The key point is that _communication is expensive_ [1]. And not just because
bandwidth is physically expensive, or the opportunity costs of waiting about,
or the usability nightmares that inevitably ensue; but also because decoding
itself is mentally taxing. And _every_ panache adds up to it. So it better be
worth to the recipient.

So when you double-down like you did, Flash-era intros and all; and it turns
out all there is to it is a sparse bunch of unnavigable, decontextualized[2],
tweet-sized digests of a policymakers' digest; and on top you can't even turn
the damn globe on your own to explore the simulation results yourself
(arguably the _sole_ reason to be using WebGL at all!); then... well, I hope
you see why your site would be so exasperating.

[1] [http://cm.bell-
labs.com/cm/ms/what/shannonday/shannon1948.pd...](http://cm.bell-
labs.com/cm/ms/what/shannonday/shannon1948.pdf)
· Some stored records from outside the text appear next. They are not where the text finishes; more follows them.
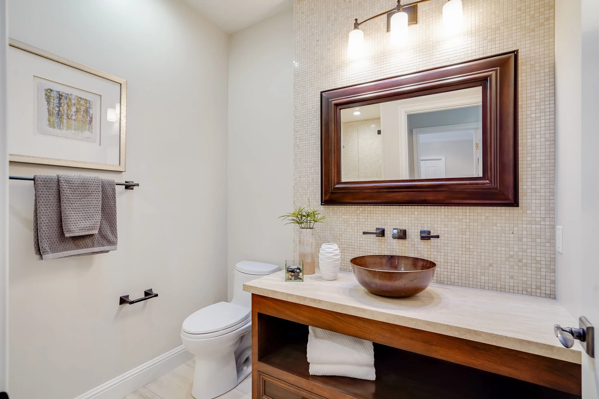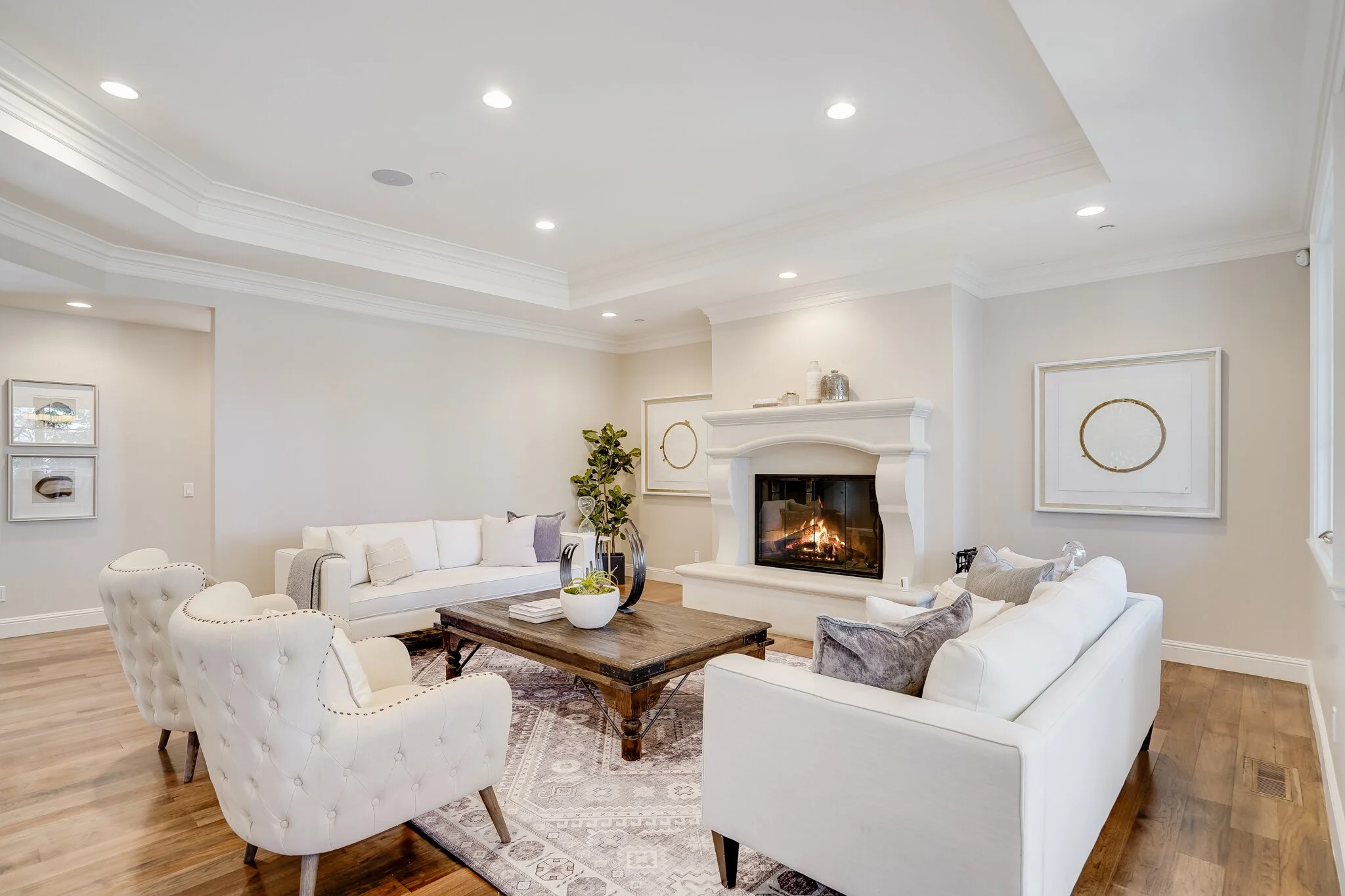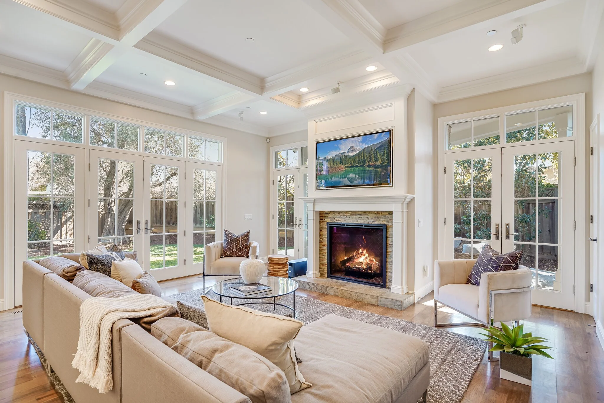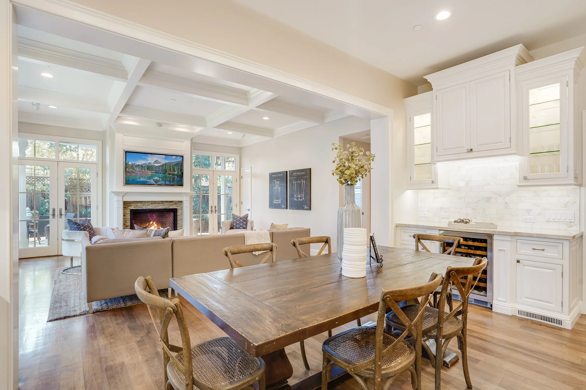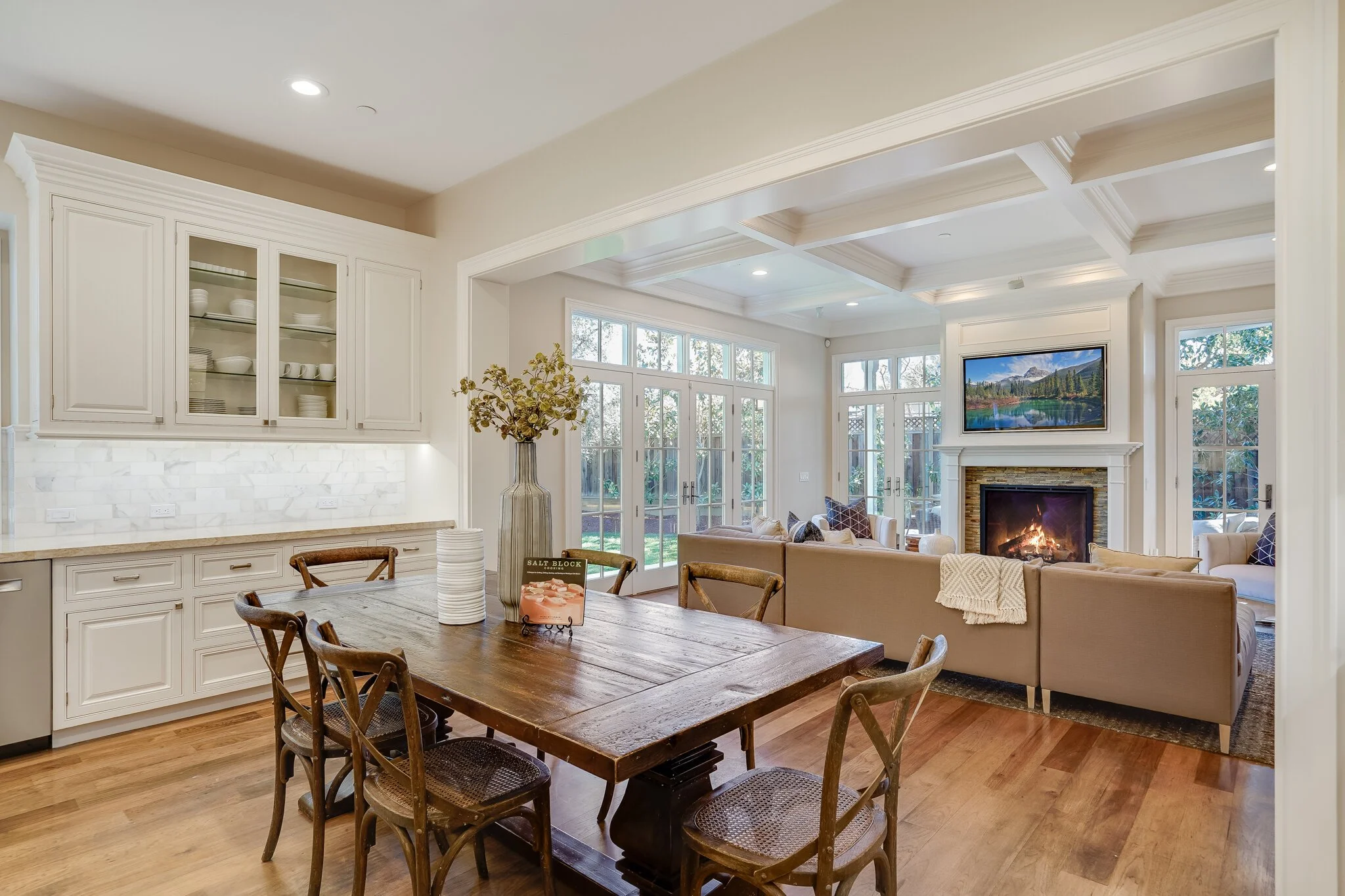 Thoughtful details include fire sprinklers throughout the house & underground utilities, hot water recirculation pump, custom-stained hickory hardwood floors, Baldwin hardware, and Ring doorbell and outdoor security cameras
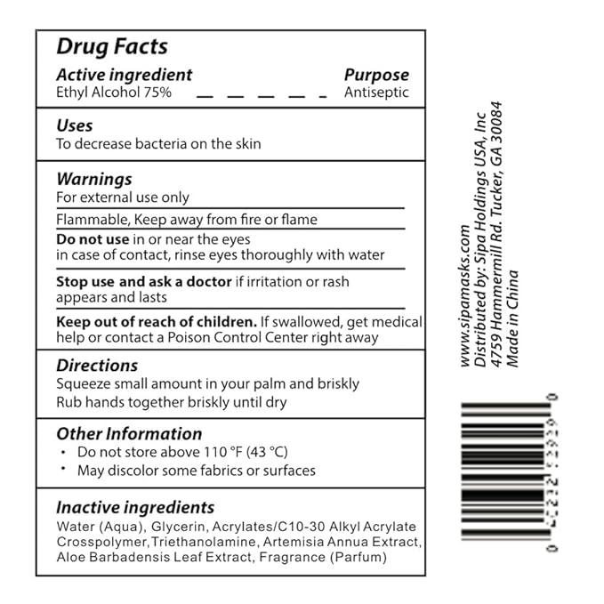 SIPA Hand Sanitizer 1.69 oz/ 50 ml, Travel Size, Jasmine Scent, Flip Cap Bottle each, Refreshing Soothing Gel with Aloe, and Vitamin E, (Pack of 16)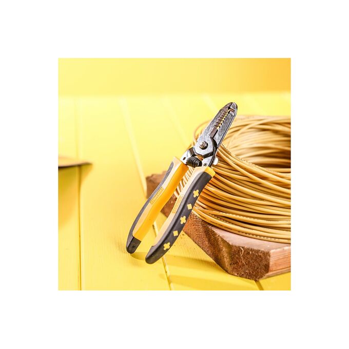 Многофункциональный стриппер DELI DL2607 0,6-2,6 мм 98343 предназначен для зачистки проводов и снятия изоляции. Инструмент изготовлен из высококачественной углеродистой стали с чёрной отделкой, что обеспечивает высокую прочность и долговечность. Стриппер оснащён пружинным механизмом для удобства работы. Эргономичная ПВХ рукоятка служит для удобного захвата.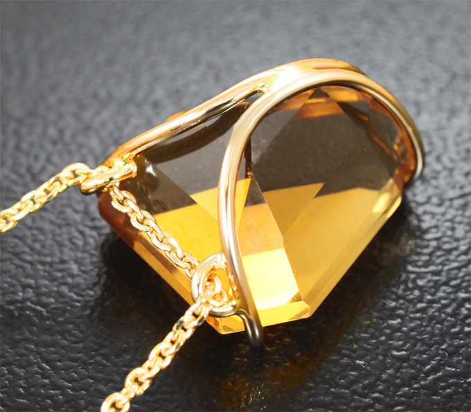 Вашему вниманию предлагается колье из желтого золота 585 пробы с цитрином авторской огранки! Размеры подвески 16 х 13 мм. Длина по цепочке регулируемая: от 455 мм до 485 мм. Вес изделия 4,24 г. Ниже приводятся ювелирные характеристики вставки.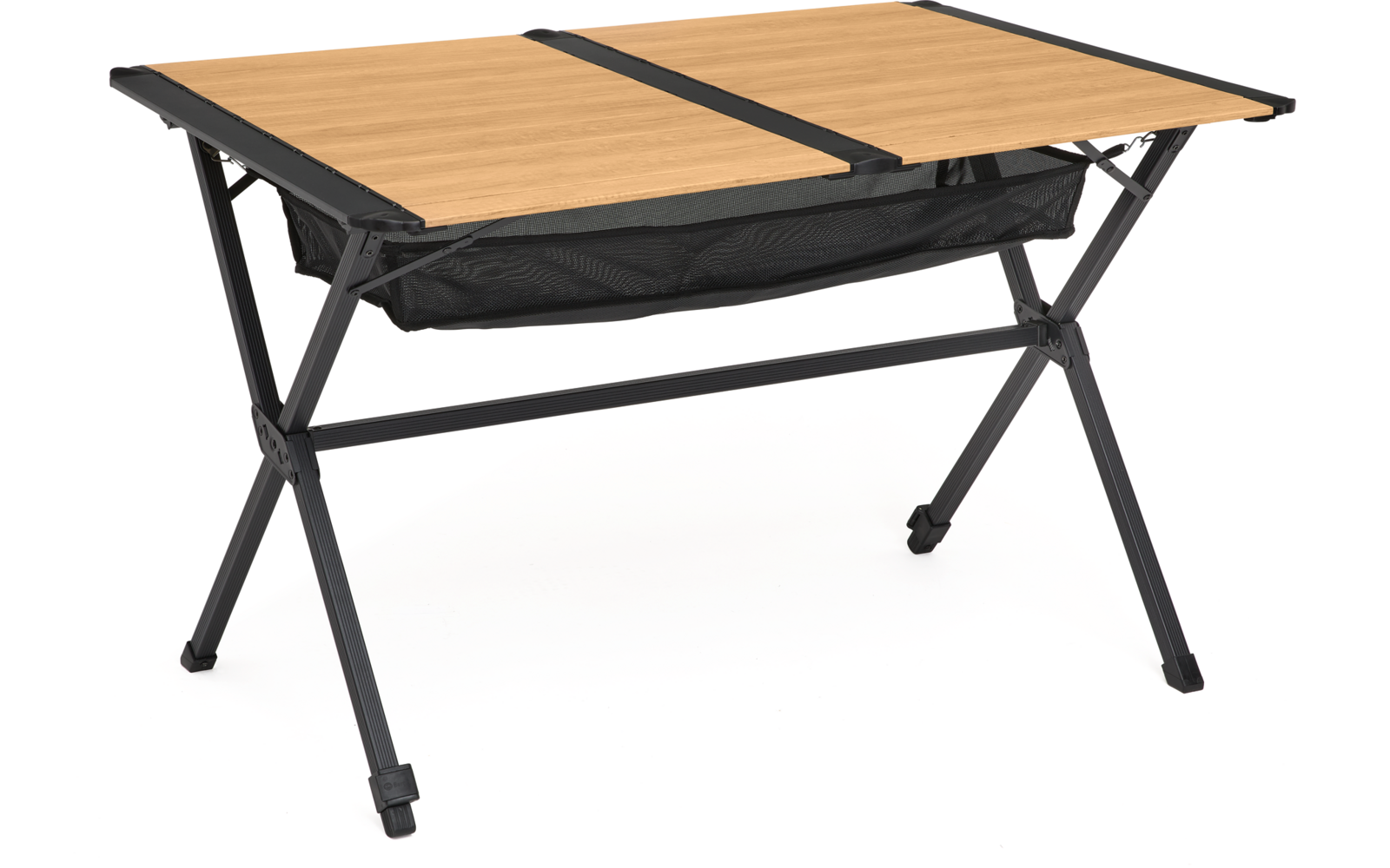 Die Tischplatte aus robusten Aluminium-Paneelen lässt sich platzsparend zusammenrollen und ist deshalb einfach zu verstauen. Das klappbare Untergestell ist aus einem stabilen Alu-Vierkantrohr mit Querstrebe zur Stabilisierung. Das kleine Packmaß und der Tragegurt am Packsack machen den Rolltisch zu einem perfekten Begleiter für unterwegs. Der höhenverstellbare Fuß sorgt für einen geraden Stand.
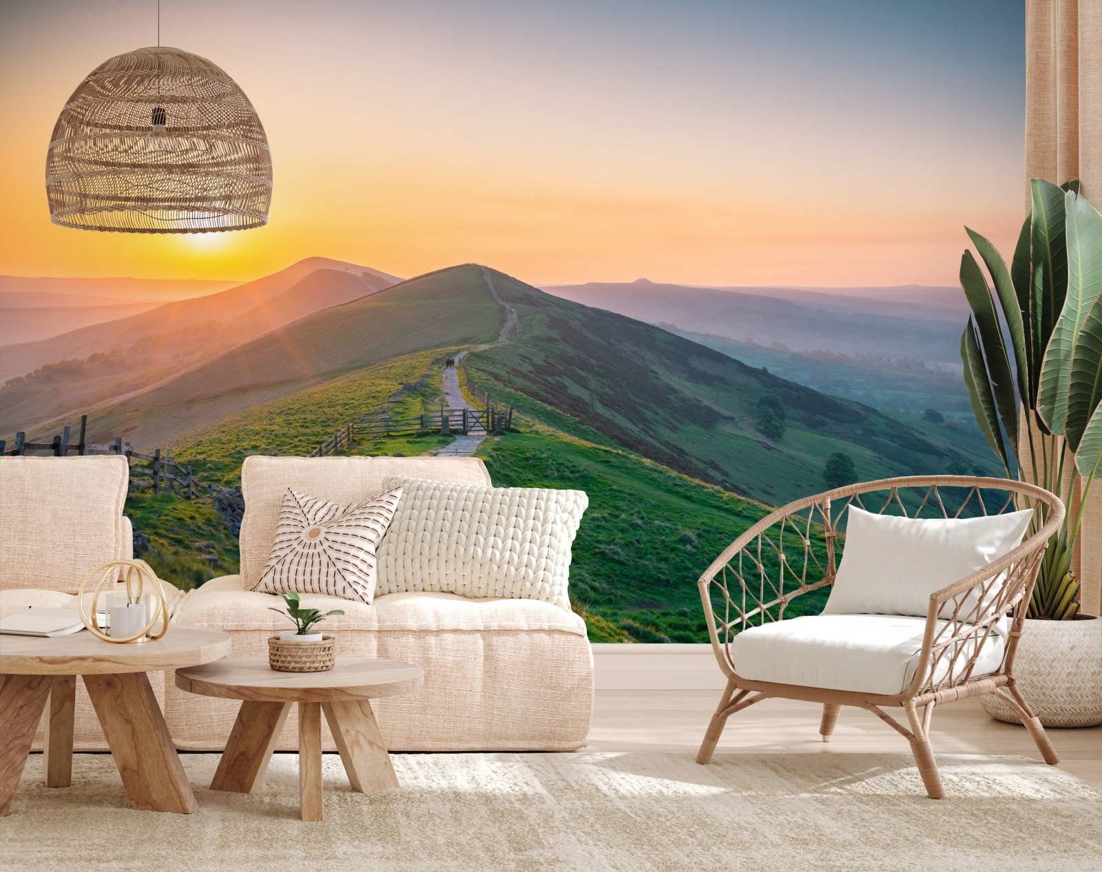 Fototapete Sonnenaufgang über grünen hügeln mit steinweg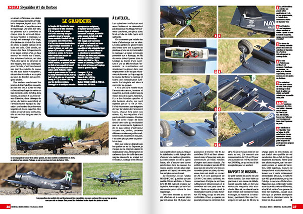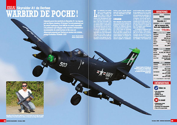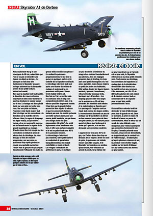 Tested by Charly Bordier and photographed by his brother Rémy, the Derbee Skyraider clearly won over this team of Modèle magazine testers. Its quick and easy assembly, its amazing flying qualities for such an accurate and fully weaponised model, and its inimitable look are all perfectly highlighted in this test.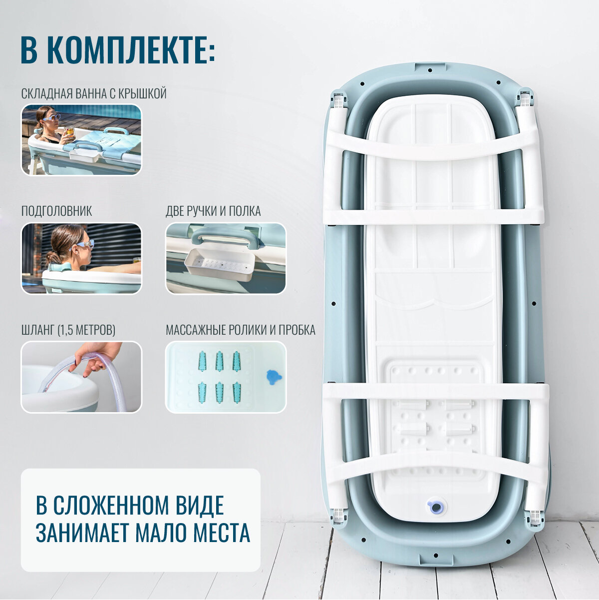 | Подробная комплектация | Складная ванна, мягкий подголовник, две боковые ручки, встроенные массажные ролики для ног, полочка для аксессуаров, дренажная пробка, сливной шланг |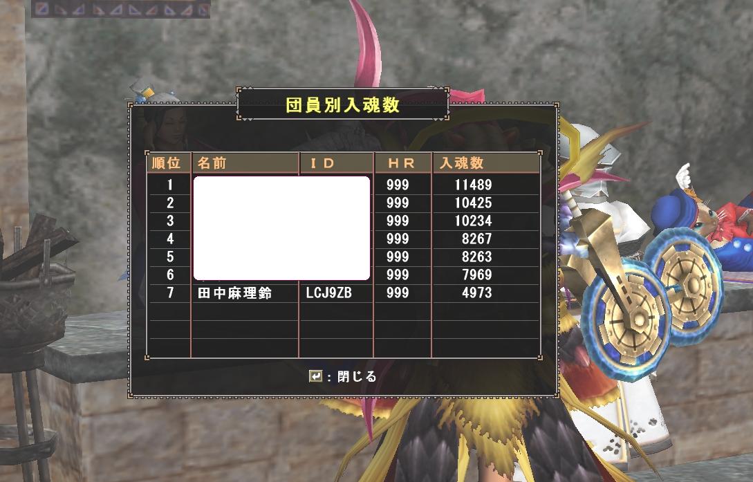 昨日の記録 朝にインしてこの記録を更新しながらGエスピ高台放置していると団長さんインされてお話、予定通り6時5分前に戻って試練待ち。同盟の方もインされて3人で今回の目玉イナガミを回す、3戦ほどしたところで団員さんインして4人体制、7時に団員さん所用でログアウトで3人体制に戻るけど安定の1ラスタ、ギルド貢献Pは貯まらないけど入魂はドンドン貯まる。終わってみれば7000魂を超えていた。それでもダントツビリからビリに半歩前進しただけ。団長さんと同盟さんは定番?アクラ棍で麻痺とスタンに高い位置にある...
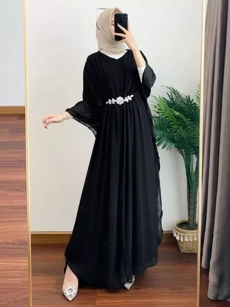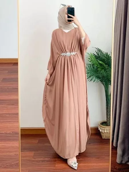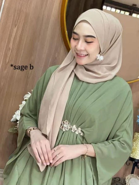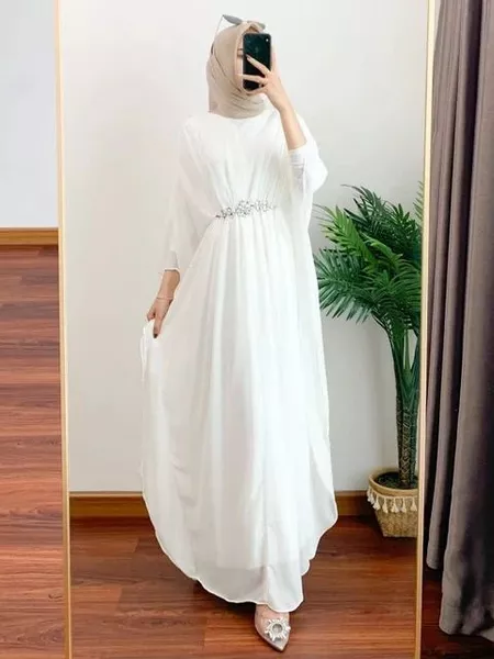 KAFTAN PUTIH GAMIS LEBARAN TERBARU 2024 GAMIS MUSLIM SHABIRA KAFTAN MATT CERUTY BABYDOLL FULL FURING MODEL BATWING(KALON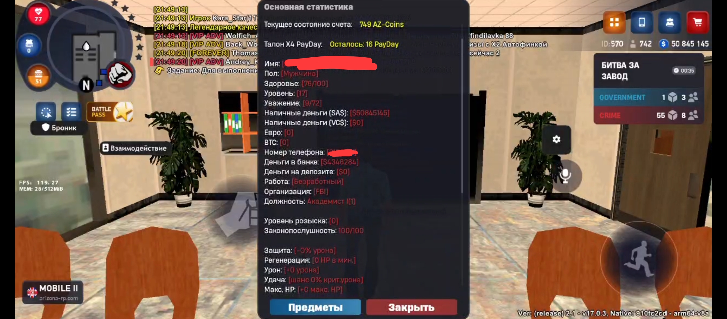👮 Трудоустроен в ФБР — престижная фракция, высокий авторитет, крутые плюшки и доступы
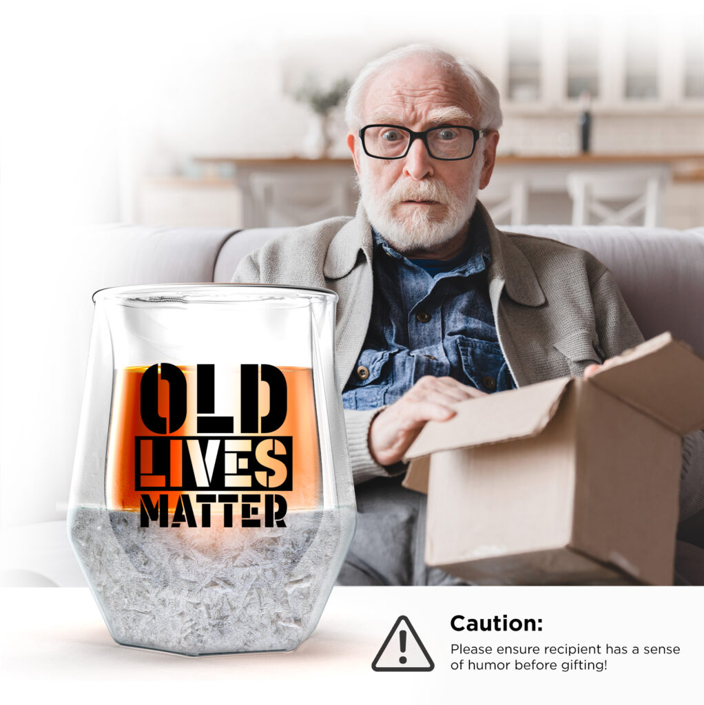 This whiskey glass makes a fun and unexpected gift, with a good humored message that is sure to bring a smile to his face.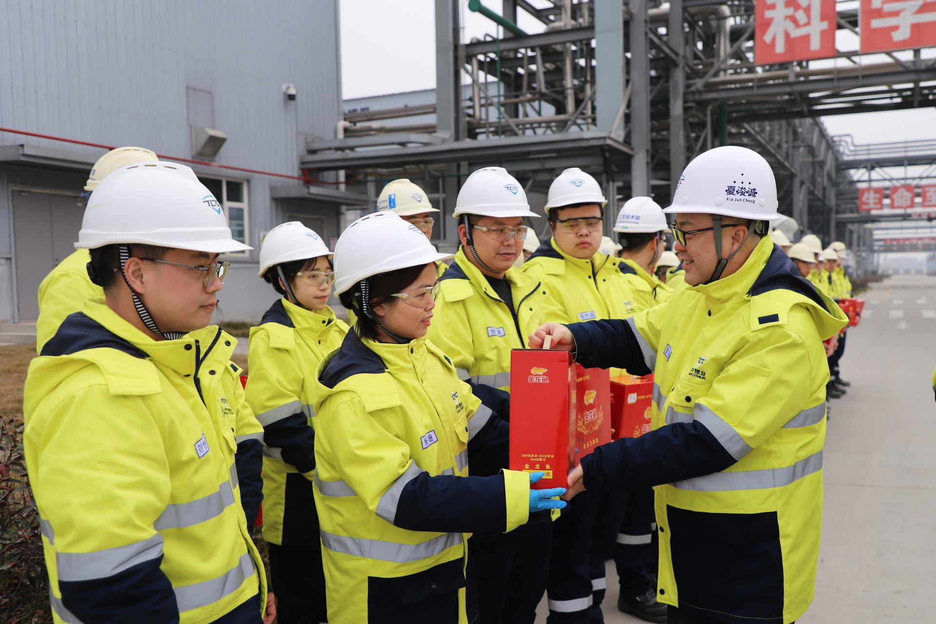 随后,慰问团走进生产厂区等地,仔细了解春节期间基地的生产运营状况、安全保障措施;慰问团表示,新的一年,希望大家继续保持这股干劲,在稳产量的同时狠抓安全,积极推动公司绿色低碳发展,为公司的新征程增添动力。

[2] Pro tip: leaving uncertainty terms to the 'for climate nerds' section is
borderline unethical.

------
julienchastang
Cool geodesic grid. [1] [1]
[http://kiwi.atmos.colostate.edu/pubs/CISE.pdf](http://kiwi.atmos.colostate.edu/pubs/CISE.pdf)

------
lynchdt
It's all hunky dory, mostly, until you jump from 2090 to 2100. At that point
the apocalypse hits, obviously.

------
nrzuk
Crashed chrome on my mac! Also how are you suppose to scroll without a
touchpad?!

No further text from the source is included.